For this exercise, transcribe all the entries exactly as given and omit the images.
····················
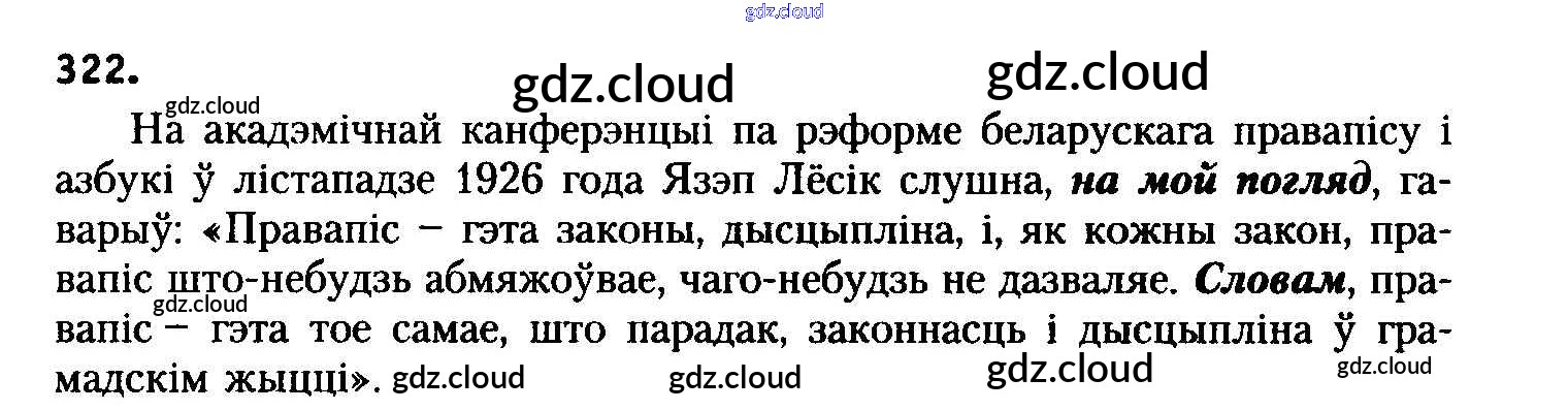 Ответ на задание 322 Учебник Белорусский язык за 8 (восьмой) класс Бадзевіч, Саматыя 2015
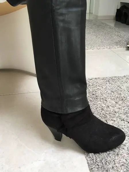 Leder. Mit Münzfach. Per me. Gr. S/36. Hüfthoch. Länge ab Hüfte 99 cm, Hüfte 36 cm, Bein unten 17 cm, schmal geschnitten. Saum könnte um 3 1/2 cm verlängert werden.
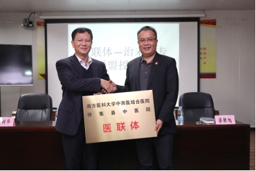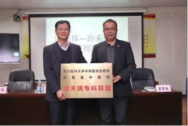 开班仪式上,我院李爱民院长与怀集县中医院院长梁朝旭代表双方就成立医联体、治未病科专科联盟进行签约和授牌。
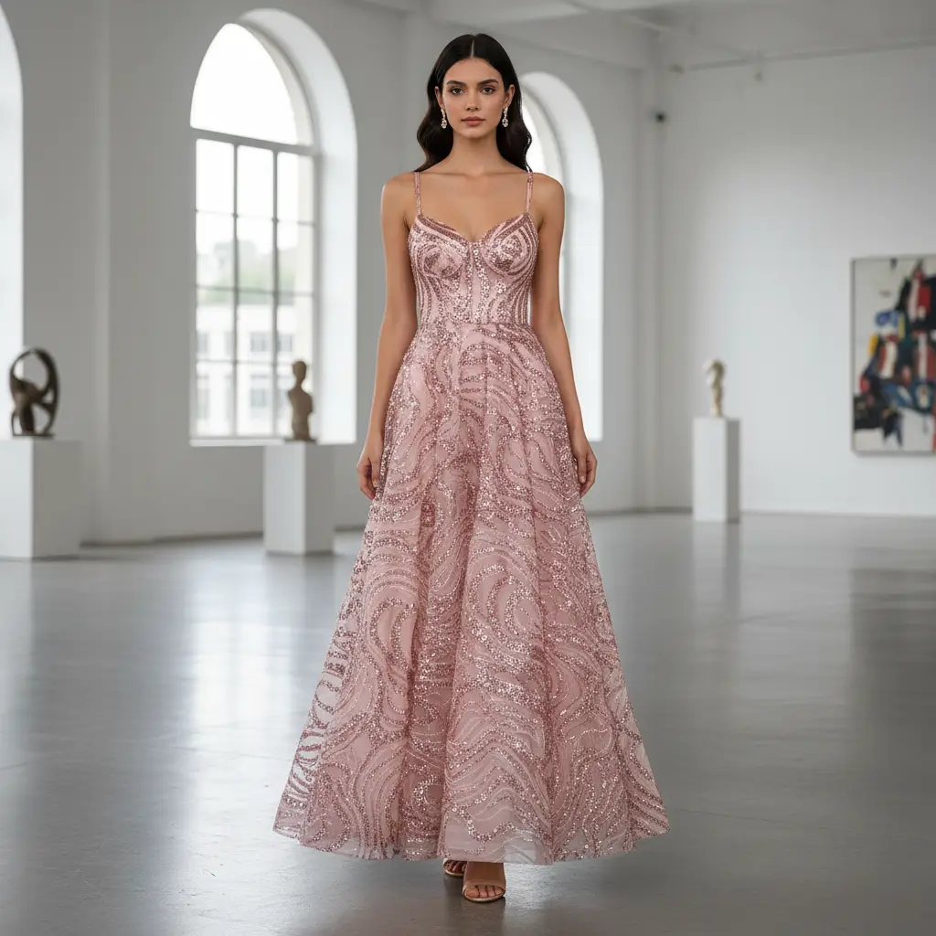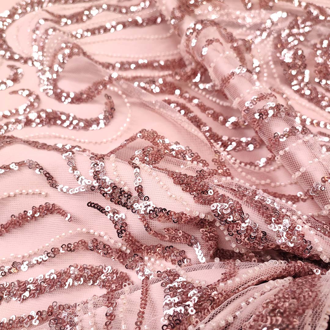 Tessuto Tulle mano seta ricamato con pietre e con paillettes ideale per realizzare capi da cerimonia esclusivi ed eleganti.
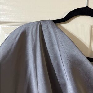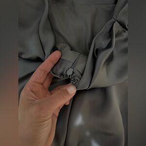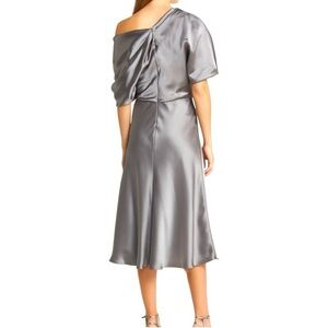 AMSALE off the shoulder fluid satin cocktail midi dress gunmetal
····················
Completed exercise:
 Ответ на задание 322 Учебник Белорусский язык за 8 (восьмой) класс Бадзевіч, Саматыя 2015
 Leder. Mit Münzfach. Per me. Gr. S/36. Hüfthoch. Länge ab Hüfte 99 cm, Hüfte 36 cm, Bein unten 17 cm, schmal geschnitten. Saum könnte um 3 1/2 cm verlängert werden.
 开班仪式上,我院李爱民院长与怀集县中医院院长梁朝旭代表双方就成立医联体、治未病科专科联盟进行签约和授牌。
 Tessuto Tulle mano seta ricamato con pietre e con paillettes ideale per realizzare capi da cerimonia esclusivi ed eleganti.
 AMSALE off the shoulder fluid satin cocktail midi dress gunmetal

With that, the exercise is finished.